Experimental results on aerosol benchmarks validate this direction, demonstrating that reliability-aware representations enable effective learning even when sensor quality varies spatially. This suggests that, even under limited aerosol-domain data and challenging real-world conditions, robust perception is better achieved by quantifying and leveraging depth reliability rather than attempting to restore it. By modeling sensor reliability directly instead of relying on restoration or depth completion, our approach achieves real-time performance and higher accuracy under severe degradation, making it practical for deployment in disaster-response and industrial environments. Future research should extend these principles across diverse sensing modalities and environmental conditions, and develop architectures where reliability information naturally propagates through the entire perception pipeline.
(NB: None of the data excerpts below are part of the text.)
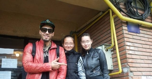 Două tinere care aşteptau autobuzul în staţia din faţa blocului cântăreţului au avut ocazia să-i vadă şi să se pozeze cu cei doi artiști de top.
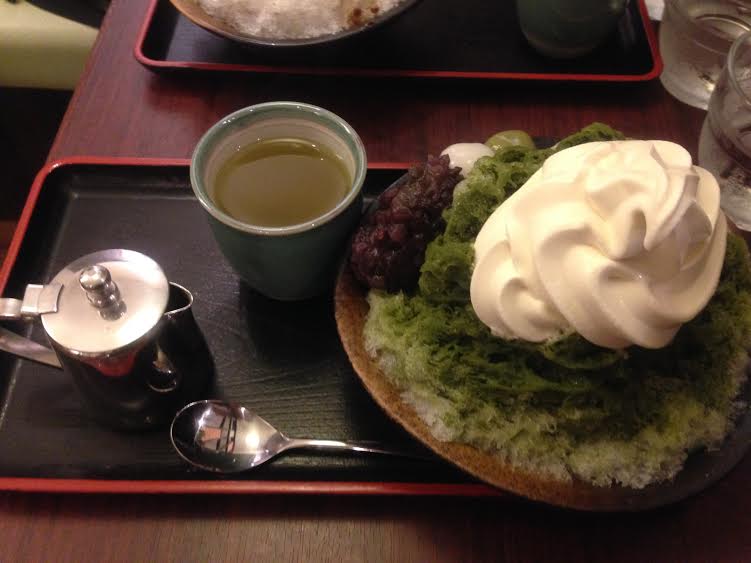 渋い抹茶がかかったカキ氷に、ソフトクリーム、あんこ、白玉が乗っており、好みで甘い蜜をかけていただきます。
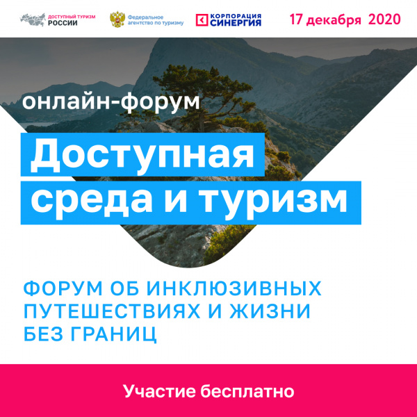17 декабря состоится онлайн-форум «Доступная среда и туризм». Форум станет уникальной дискуссионной площадкой, где представители государства, общественных организаций, волонтерского движения и социального предпринимательства обсудят самые актуальные вопросы инклюзивной сферы. Кроме того, участники узнают о самых интересных маршрутах доступного туризма, а также познакомятся с опытом реализации интерактивных проектов, аккумулирующих объекты доступной инфраструктуры. Организатором мероприятия являются Федеральное агентство по туризму (Ростуризм) и Корпорация «Синергия».
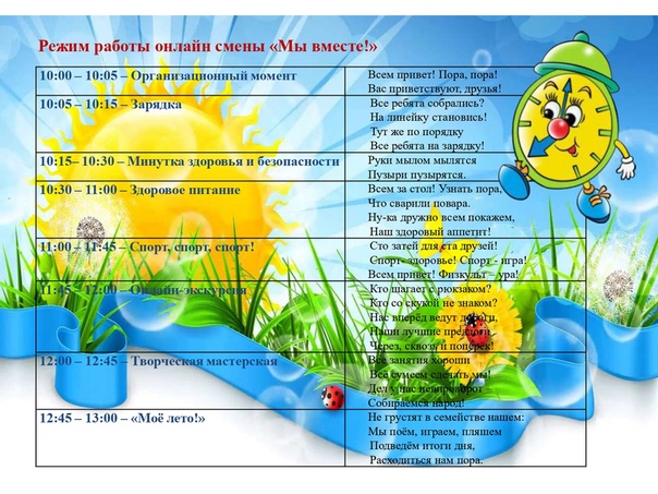 Режим дня онлайн-лагеря.
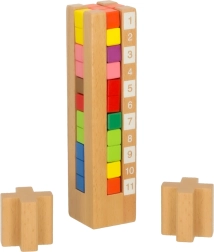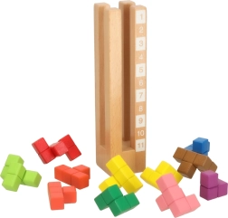 Blocurile sunt realizate din lemn durabil și au margini netede și culori vii, asigurând o joacă sigură. Această jucărie este alegerea perfectă pentru a combina învățarea cu distracția, sprijinind dezvoltarea copilului prin sarcini captivante.

6. Limitations and Future Work
Despite the promising performance of RA6D, this work is limited by data availability and scalability. Our proposed feature distillation framework requires paired clean–aerosol RGB-D data during training, which must be collected through manual procedures in controlled real-world acquisition (e.g., capturing the same static scene before and after aerosol generation under a fixed setup). This requirement constrains dataset scale and diversity, although inference does not require paired data. To our knowledge, there are very few benchmarks that simultaneously cover non-homogeneous aerosol conditions, RGB-D sensor degradation, and ground-truth 6D pose annotations, making real-world capture more suitable for realistic evaluation at present. Simulating such interactions remains challenging and may introduce a sim-to-real gap, making real-world data more suitable for realistic evaluation. In future work, we plan to extend the framework to unpaired settings via domain adaptation or self-supervised alignment to improve scalability and generalization and to evaluate the method on objects with more diverse material properties, while preserving robustness to realistic aerosol-induced sensor degradation.
Author Contributions
Conceptualization, Y.C.; methodology, W.S., S.L. and T.K.; software, W.S. and G.S.; validation, T.K., Y.C. and S.L.; formal analysis, W.S.; investigation, W.S. and S.L.; resources, Y.C.; data curation, W.S. and S.L.; writing—original draft preparation, W.S.; writing—review and editing, W.S., S.L., T.K., G.S. and Y.C.; visualization, S.L.; supervision, Y.C.; project administration, Y.C.; funding acquisition, Y.C. All authors have read and agreed to the published version of the manuscript.
Funding
This work was supported by a National Research Foundation of Korea (NRF) grant funded by the Korean government (Ministry of Science and ICT) (No. RS-2022-00144385, 40%), an Institute of Information and Communications Technology Planning and Evaluation (IITP) grant funded by the Korean government (MSIT) under the metaverse support program to nurture the best talents (No. IITP-2025-RS-2023-00254529, 30%), and a Technology Innovation Program (No. RS-2024-00421828, development of artificial intelligence software for unseen object manipulation that integrates prompt and situation-specific unseen object recognition and arbitrary gripper shape analysis through gripper self-observation, 30%) grant funded by the Ministry of Trade Industry and Energy (MOTIE, Korea).
Data Availability Statement
Data underlying the results presented in this paper are not publicly available at this time but may be obtained from the authors upon request.
Conflicts of Interest
The authors declare no conflicts of interest.
References
- Wen, B.; Lian, W.; Bekris, K.; Schaal, S. You only demonstrate once: Category-level manipulation from single visual demonstration. Proceedings of Robotics: Science and Systems (RSS), New York City, NY, USA, 27 June–1 July 2022. [Google Scholar]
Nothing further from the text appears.